Records to use section start

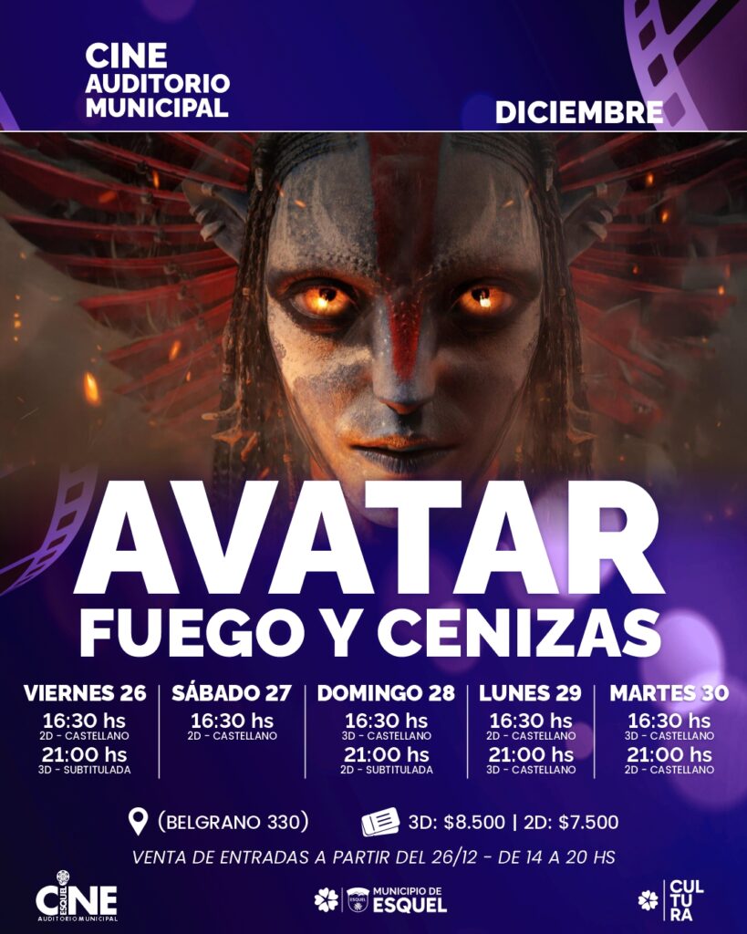 La esperada tercera entrega de la exitosa saga de ciencia ficción creada por James Cameron, “Avatar: Fuego y Ceniza”, se estrena en la pantalla grande y promete una experiencia cinematográfica épica, cargada de acción, emoción y deslumbrantes paisajes alienígenas. La película tiene clasificación SAM13 y una duración de 195 minutos.
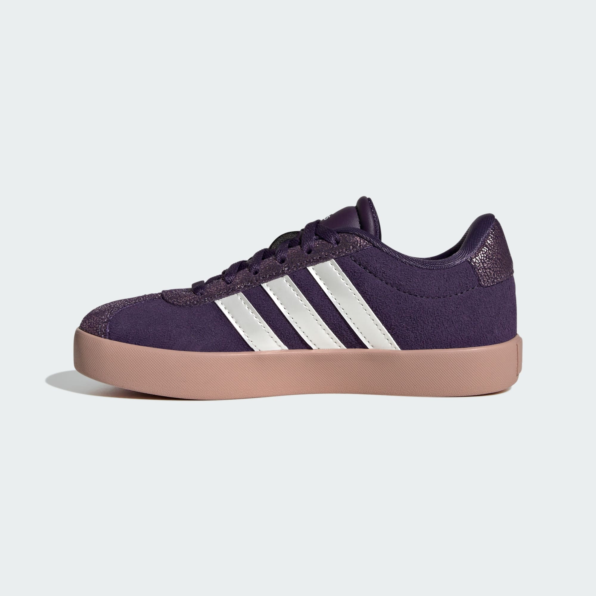 Detské topánky adidas VL Court 3.0, ktoré boli vytvorené pre dobrodružstvá, sú ideálne na každodenné hranie. Ikonická T-špička a klasické šnurovanie im dodávajú cool športový štýl, ktorý si malí objavitelia okamžite zamilujú. Mäkký zvršok zo semišu a syntetickej kože spolu s jemnou textilnou podšívkou zaručuje pohodlie počas celého dňa plného aktivít. Špeciálna gumená podrážka, ktorá nezanecháva šmuhy, dáva deťom slobodu behať a hrať sa bez obáv z čiernych stôp na podlahe.
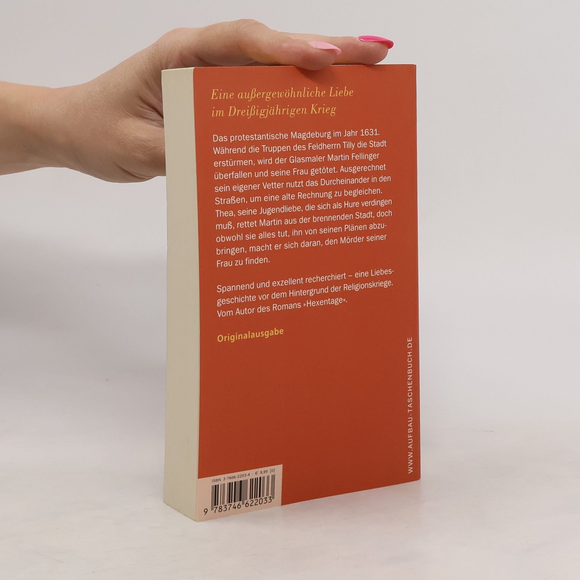 Eine außergewöhnliche Liebe im Dreißigjährigen Krieg Das protestantische Magdeburg im Jahr 1631. Während die Truppen des Feldherrn Tilly die Stadt erstürmen, wird der Glasmaler Martin Fellinger überfallen und seine Frau getötet. Ausgerechnet sein eigener Vetter nutzt das Durcheinander in den Straßen, um eine alte Rechnung zu begleichen. Thea, seine Jugendliebe, die sich als Hure verdingen muß, rettet Martin aus der brennenden Stadt, doch obwohl sie alles tut, ihn von seinen Plänen abzubringen, macht er sich daran, den Mörder seiner Frau zu finden. Spannend und exzellent recherchiert - eine Liebesgeschichte vor dem Hintergrund der Religionskriege. Vom Autor des Romans „Hexentage“.
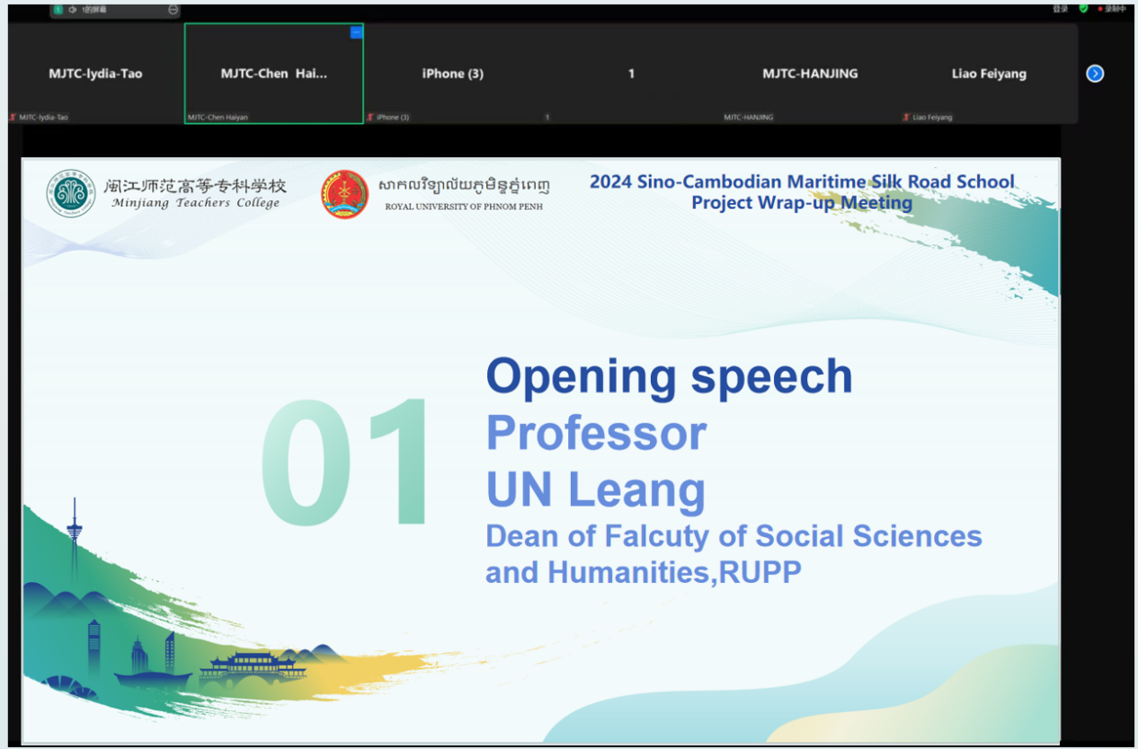 会议在“海丝学院”中、柬、英三语视频中拉开序幕,以师生共唱一首歌形式,回顾柬埔寨金边皇家大学项目学生来闽交流的精彩瞬间,重现在外语商贸学院的精心组织安排下,柬埔寨学生在中国的学习生活、文化交流和企业参访场景,展现中柬青年学生之间深厚的友谊。
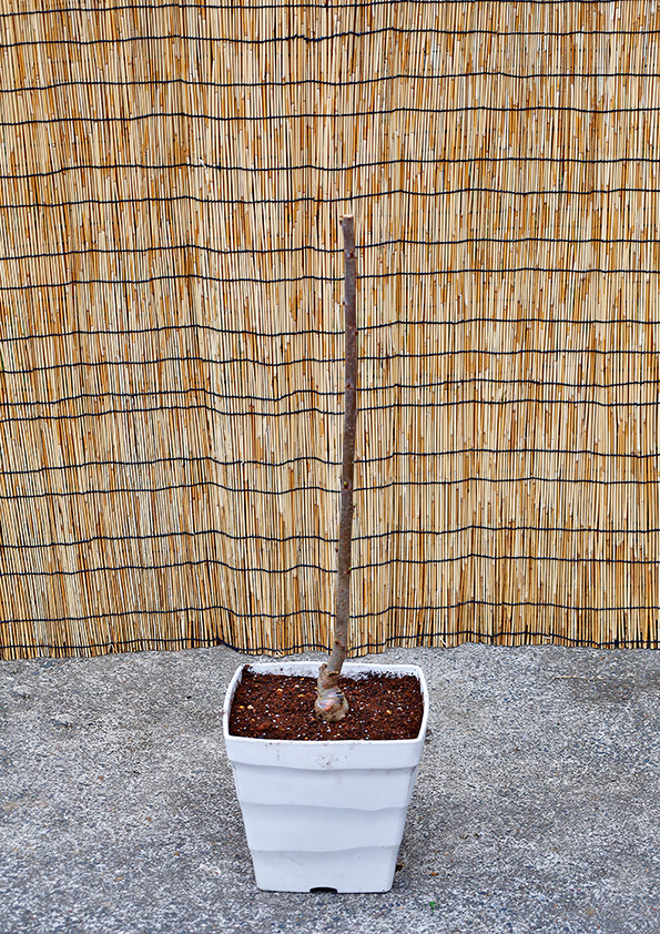 鉢植えでの栽培なので、樹高を低めに育てていくために、樹形は主幹から伸びる主枝を2本残してYの字の形になるように、選んだ2本の主枝以外はすべて付け根で切り落として樹形を管理していきます。
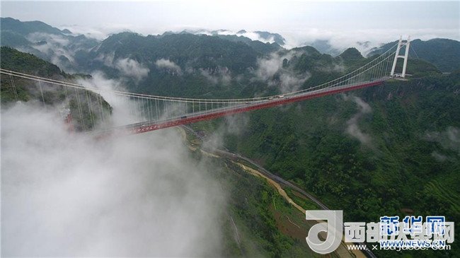 5月1日,湖南省吉首市矮寨大橋周邊云霧繚繞。當(dāng)日,吉首市雨過天晴,山區(qū)云霧縹緲,變幻多姿。新華社發(fā) 龍恩澤 攝
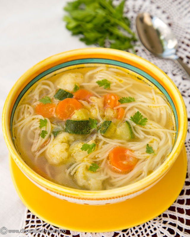 Supă de legume cu fidea cuiburi
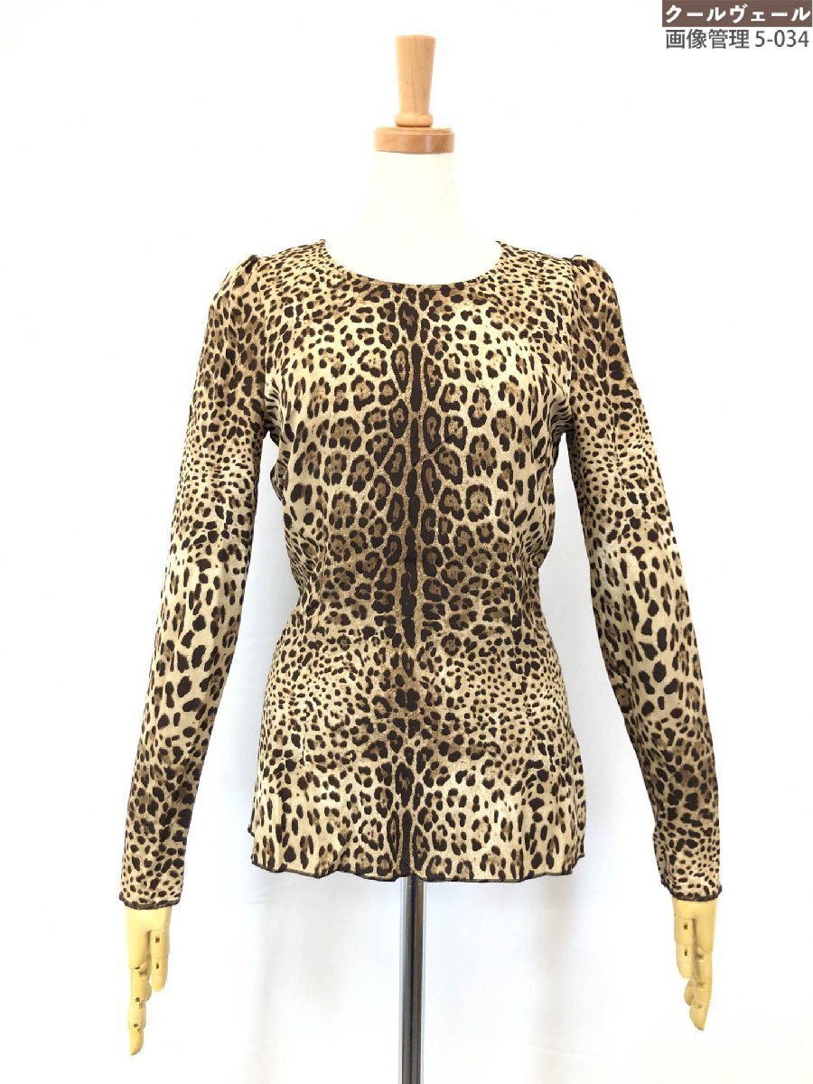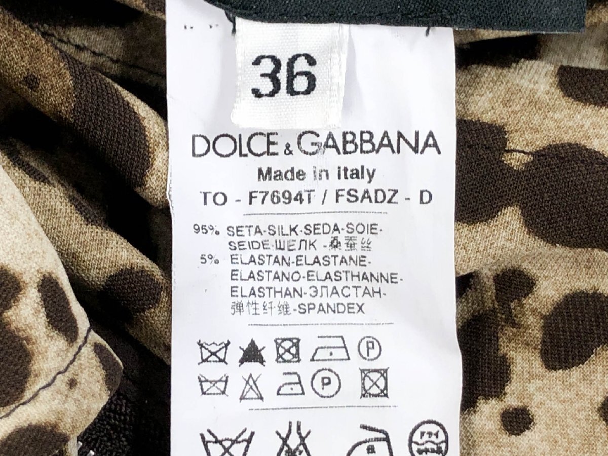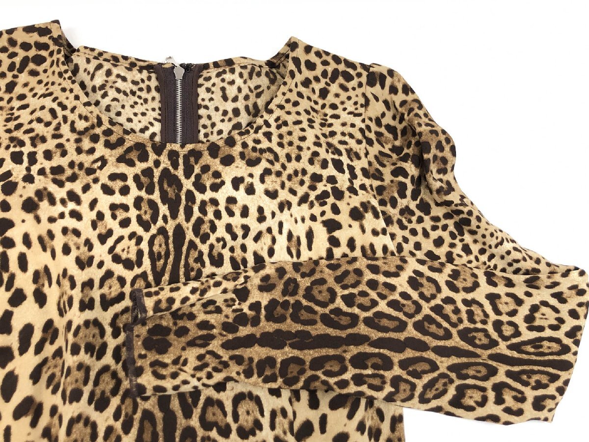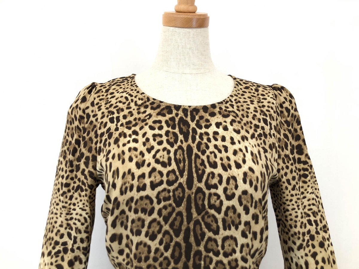 超美品【ドルチェアンドガッバーナ】F7694T/FSADZ シルク95% レオパード柄 バックジップブラウス(レディース) 36 茶系 伊製 ◇17LK2503◇

Records to use section end

*About this task:* Nothing but the lines from the first line of the records above to the line with "Detské topánky adidas", inclusive, should be transcribed exactly, and the pictures must be left out.

*Finished exercise:*
 La esperada tercera entrega de la exitosa saga de ciencia ficción creada por James Cameron, “Avatar: Fuego y Ceniza”, se estrena en la pantalla grande y promete una experiencia cinematográfica épica, cargada de acción, emoción y deslumbrantes paisajes alienígenas. La película tiene clasificación SAM13 y una duración de 195 minutos.
 Detské topánky adidas VL Court 3.0, ktoré boli vytvorené pre dobrodružstvá, sú ideálne na každodenné hranie. Ikonická T-špička a klasické šnurovanie im dodávajú cool športový štýl, ktorý si malí objavitelia okamžite zamilujú. Mäkký zvršok zo semišu a syntetickej kože spolu s jemnou textilnou podšívkou zaručuje pohodlie počas celého dňa plného aktivít. Špeciálna gumená podrážka, ktorá nezanecháva šmuhy, dáva deťom slobodu behať a hrať sa bez obáv z čiernych stôp na podlahe.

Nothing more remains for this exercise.